Just an update: jetty 7 has a lot of improvements handling closed connections. If you have mobile clients that drop connections, it's likely that you hit this bug. Updating to jetty 7.5.2(or the to-be-released 7.5.3) can help.
Related: JETTY-1441
Commits that may helped to fix this:
@7.5.2
https://github.com/eclipse/jetty.project/commit/633f3b15886664e116478145a3e0139fc8f89847
https://github.com/eclipse/jetty.project/commit/d0a2557527ed7d660ee22f10741ec8d245008ede
@7.5.3
https://github.com/eclipse/jetty.project/commit/ea56eaff005e6b14c3f3464adf95e1e13742df68
https://github.com/eclipse/jetty.project/commit/06f4ada935de096869177cfd60e62a667a14f321
https://github.com/eclipse/jetty.project/commit/3476887f8a1e2281d9ec7ea85a0d3f4dd5017cc8
So, if you hit this bug, try updating to 7.5.3 and it will (probably) be solved.

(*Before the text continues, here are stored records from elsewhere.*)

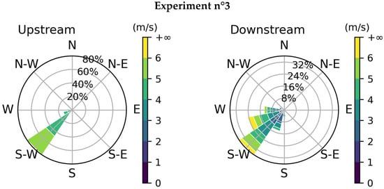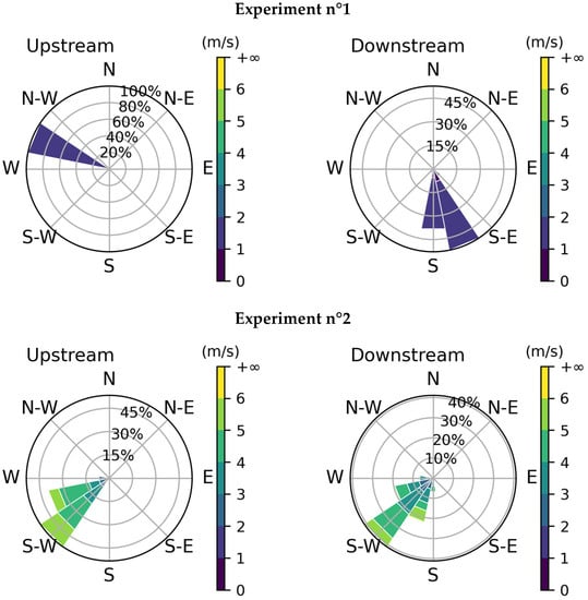 Two weather stations were used, one upstream and one downstream. The raw data collected from the stations include wind velocity and direction, temperature, and humidity. The acquisition rate was 1 s for the downstream station and 60 s for the upstream station. The wind changes obtained for both stations and during each experiment are shown in Figure 9 and the mean conditions are in Table 4. By convention, the wind direction indicates where it comes from; the 0° corresponds to the north, and the angle increases clockwise.
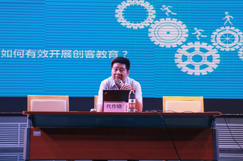 代作晓教授自2012年起参与技术成果转化工作,带领团队在智能制造、大学生创新创业实践以及中小学创客教育等方面开展了富有成效的工作。报告中,代作晓教授介绍了创客教育的内涵,即培养学习者创新、创业所需知识、能力、视野以及意志品质方面的教育行为,并结合美国的“车库文化”讲述了创客教育的精髓。代作晓教授指出,创客教育的显著优势在于其更加注重学生的兴趣以及素养启发,弥补了传统教育在培养兴趣和动手能力方面的缺失。代作晓教授结合创客教育的特点,在理论基础、教育方式以及具体实施的环节等方面分析了应如何开展创客教育。他提出,创客教育的开展应在理论的基础上进一步探索和创新,教育者可通过将青少年带入动手环节,基于兴趣来开展创客教育。同时,他强调,在跨学科教学的基础上组建“项目制”创客教育,将其分为校内校外两部分,并且在老师和学生、学生和学生之间建立桥梁,对提高团队协作和解决问题的能力很有必要。
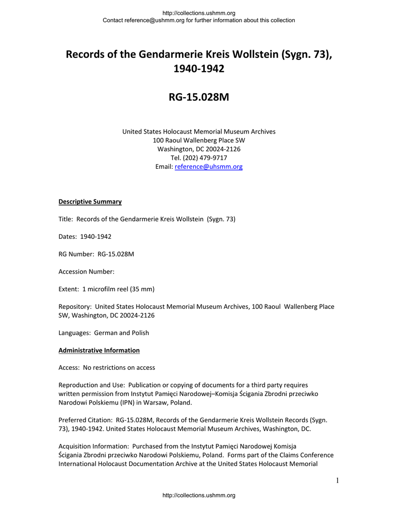 http://collections.ushmm.org Contact [email protected] for further information about this collection Records of the Gendarmerie Kreis Wollstein (Sygn. 73), 1940‐1942 RG‐15.028M United States Holocaust Memorial Museum Archives 100 Raoul Wallenberg Place SW Washington, DC 20024‐2126 Tel. (202) 479‐9717 Email: [email protected] Descriptive Summary Title: Records of the Gendarmerie Kreis Wollstein (Sygn. 73) Dates: 1940‐1942 RG Number: RG‐15.028M Accession Number: Extent: 1 microfilm reel (35 mm) Repository: United States Holocaust Memorial Museum Archives, 100 Raoul Wallenberg Place SW, Washington, DC 20024‐2126 Languages: German and Polish Administrative Information Access: No restrictions on access Reproduction and Use: Publication or copying of documents for a third party requires written permission from Instytut Pamięci Narodowej–Komisja Ścigania Zbrodni przeciwko Narodowi Polskiemu (IPN) in Warsaw, Poland. Preferred Citation: RG‐15.028M, Records of the Gendarmerie Kreis Wollstein Records (Sygn. 73), 1940‐1942. United States Holocaust Memorial Museum Archives, Washington, DC. Acquisition Information: Purchased from the Instytut Pamięci Narodowej Komisja Ścigania Zbrodni przeciwko Narodowi Polskiemu, Poland. Forms part of the Claims Conference International Holocaust Documentation Archive at the United States Holocaust Memorial 1 http://collections.ushmm.org http://collections.ushmm.org Contact [email protected] for further information about this collection Museum. This archive consists of documentation whose reproduction and/or acquisition was made possible with funding from the Conference on Jewish Material Claims against Germany. Accruals: Accruals may have been received since this collection was first processed, see the Archives catalog at collections.ushmm.org for further information. Custodial History Existence and Location of Originals: The original records are held by the Instytut Pamięci Narodowej Komisja Ścigania Zbrodni przeciwko Narodowi Polskiemu, ul. Towarowa 28, Warsaw, Poland 00‐839. Tel. 011 48 22 581 85 00. More information about this repository can be found at www.ipn.gov.pl. Processing History: Aleksandra B. Borecka Scope and Content of Collection Contains quarterly situation reports from 1940 to 1943 concerning political and economic atmosphere, population, criminal activity, German‐Polish relations, strength of the police force, and special occurrences in several towns of the Wolstein (Wolsztyn) district including Gro‐ Nelken, Kirchdorf, Deutsch‐Gabel, Wollstein, Teichrode, Weiberg, Kirchplatz, Rakwitz, Altkloster, and Klosterweise. Also contains regulations concerning confiscation, registration, operation and repair of motor vehicles (December 1939). System of Arrangement The system of arrangement of the source repository has been preserved in the microfilmed reel. This collection is arranged thematically. Indexing Terms World War, 1939‐1945‐‐Atrocities—Poland‐‐Wolsztyn. World War, 1939‐1945‐‐Confiscations and contributions‐‐Poland‐‐Wolsztyn. Jews‐‐Legal status, laws, etc.‐‐Poland‐‐20th century‐‐Registers. Polish people‐‐Legal status, laws, etc.‐‐Poland‐‐20th century‐‐Registers. Holocaust, Jewish (1939‐1945) Poland‐‐History‐‐Occupation, 1939‐1945. Wolsztyn (Poland) Reports. 2 http://collections.ushmm.org http://collections.ushmm.org Contact [email protected] for further information about this collection CONTAINER LIST Reel File 1 1 2 3 Description Reports about the activities of the police stations in the counties of the Wolsztyn (Wollstein) district (monthly and quarterly). 1941‐1942. Instructions and correspondence concerning mechanical vehicles used by the police in the Wolsztyn (Wollstein) district. 1940‐1941. Copy of Hitler's order about the duty of confidentiality. 1940‐1941. 3 http://collections.ushmm.org

The jetty select manager does have handling for JVM bugs that cause 100%.
You can see this at http://jetty.mortbay.org/jetty/jetty-7/xref/org/mortbay/io/nio/SelectorManager.html#408
and it was put in place for http://bugs.sun.com/bugdatabase/view_bug.do?bug_id=6403933
This code attempts to detect a select that returns quickly with no keys selected, and if so it
cancels all keys with 0 interestedops.
Perhaps for this bug, we should cancel and remake all keys? perhaps trash the selector and
start again?
Anyway, I just tried to reproduce on my system for 10 minutes and have not been able to.
I'll keep trying, but it would be really good if you are able to reproduce easily if you could
compile Jetty with a println in that loop detection to see if it is being triggered.
Unfortunately we are too deep into the 6.1.15 cycle to hold the release for this.